NCEMS will focus initially on emergent properties at the mesoscale, the scale that spans from molecules — such as enzymes, DNA and proteins — to organelles, such as mitochondria. The goal is to understand how changes at the mesoscale influence higher subcellular and cellular outcomes, such as the traits that make individuals unique and distinguishable from one another.
“Many of the grand challenges in biology, such has how living organisms function well in a dynamic environment or suffer dysfunction and disease, are rooted in the mesoscale," said Ed O’Brien, NCEMS director and Penn State professor of chemistry. “We have a unique opportunity to harness big data and gain a more complete, detailed view of the mosaic of molecular and cellular processes by bringing together diverse datasets and multidisciplinary teams of scientists from across the world.”
NCEMS will work to broaden participation in science, technology, engineering and mathematics, both to democratize access to research and provide training for careers rich in computational and data sciences. Initial partner institutions include Claflin University, Alcorn State University and Fayetteville State University—all minority serving institutions. An innovative, remote research experience program will support synthesis research by students nationwide.
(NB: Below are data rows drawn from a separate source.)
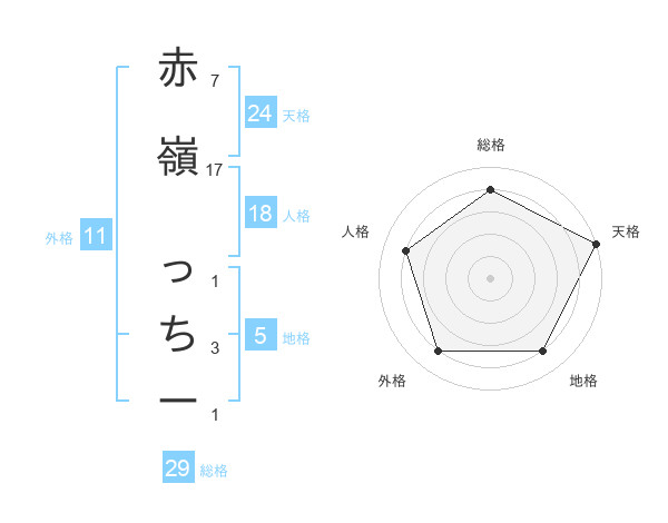 赤嶺 っちーさんを姓名の画数から五運を鑑定
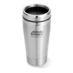 Double wall stainless steel travel cup with black PP lid. Capacity: 400 ml.
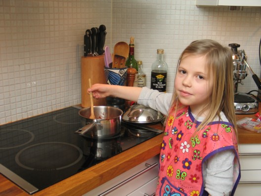 María fékk krakkamatreiðslubók í jólagjöf og hefur verið iðin við að baka og elda síðan. Hér er hún að baka pizzur í hádegismatinn handa okkur einn sunnudaginn.
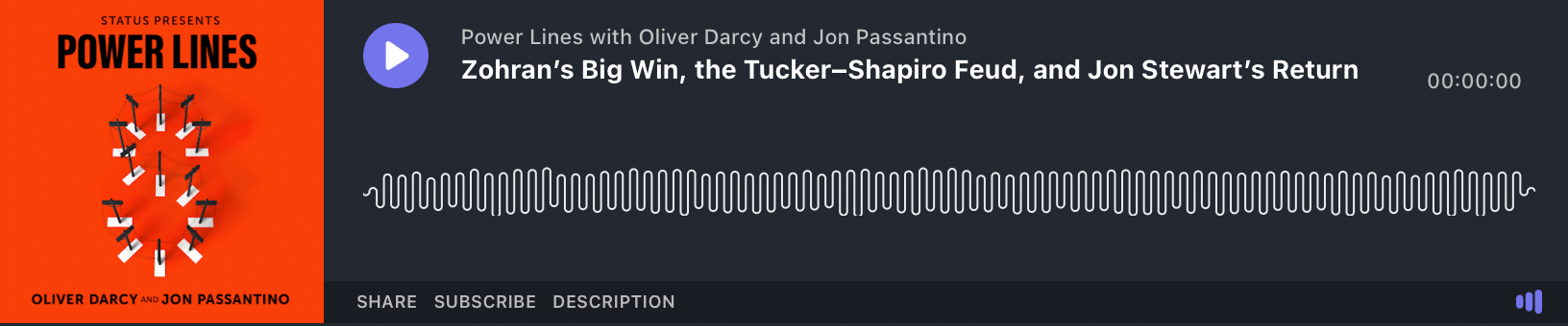 In this week’s episode: We discuss how MAGA Media is in meltdown mode over Zohran Mamdani’s win, Ben Shapiro’s searing criticism of Tucker Carlson, Marjorie Taylor Greene’s visit to “The View,” Jon Stewart’s Paramount renewal, and Netflix’s push into podcasting.
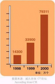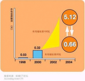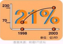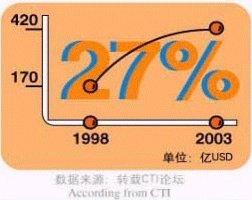 - 據CTI論壇轉引有關統(tǒng)計數字表明,全球呼叫中心外包市場1998年的產值為170億美元,2003年有望達到420億美元,并正以每年遞增27%的速度快增長;

"The amount of publicly available data at the molecular and cellular scale is extensive, with each individual resource being valuable. Bringing those data together with the tools to synthesize them ― as this center is planned to do ― will create a whole greater than the parts and will drive advances in biology, biomedicine, renewable energy and more," said NSF Deputy Assistant Director for Biological Sciences Simon Malcomber. "This is the first time we will bring this approach to the molecular and cellular sciences and bring NSF's long history of support for Synthesis Centers to bear on the field."
Supporting research worldwide
In addition to NCEMS, CyVerse provides cyberinfrastructure support for the NSF Directorate for Biological Sciences’ other recent $20 million Synthesis Center, the Environmental Data Science Innovation & Inclusion Lab.
Synthesis centers enable collaborative teams to explore large and complex data sets, perform innovative analysis and disseminate the outcomes of their findings, said Nirav Merchant, CyVerse lead investigator and director of UArizona’s Data Science Institute. In the current era of machine learning and artificial intelligence, NCEMS participants will require a data platform and cyberinfrastructure that can facilitate these data-driven explorations.
“The NCEMS collaboration will provide CyVerse with the opportunity to broaden its cyberinfrastructure capabilities,” Merchant said. “Being part of the two recent NSF Synthesis Centers affirms the collaborative role CyVerse and the University of Arizona play in providing key infrastructure that allows communities to effectively address complex questions.”
"The University of Arizona has a rich history in managing enormous amounts of data thanks to its leadership in astronomy, life sciences and other fields," said University of Arizona President Robert C. Robbins. "CyVerse has built on this record of excellence, and really advanced it for us to take on today's challenges. I am so pleased to see it as part of this important national collaboration."
With $117 million in NSF funding since its creation in 2008, CyVerse is the largest and longest running investment by NSF into cyberinfrastructure for the life sciences.
Led by UArizona in partnership with the Texas Advanced Computing Center and Cold Spring Harbor Laboratory in New York, CyVerse supports more than 137,000 researchers in 169 countries. The platform has appeared in more than 1,700 peer-reviewed publications, trained over 45,000 researchers and instructors and supports $255 million in additional research funding by NSF.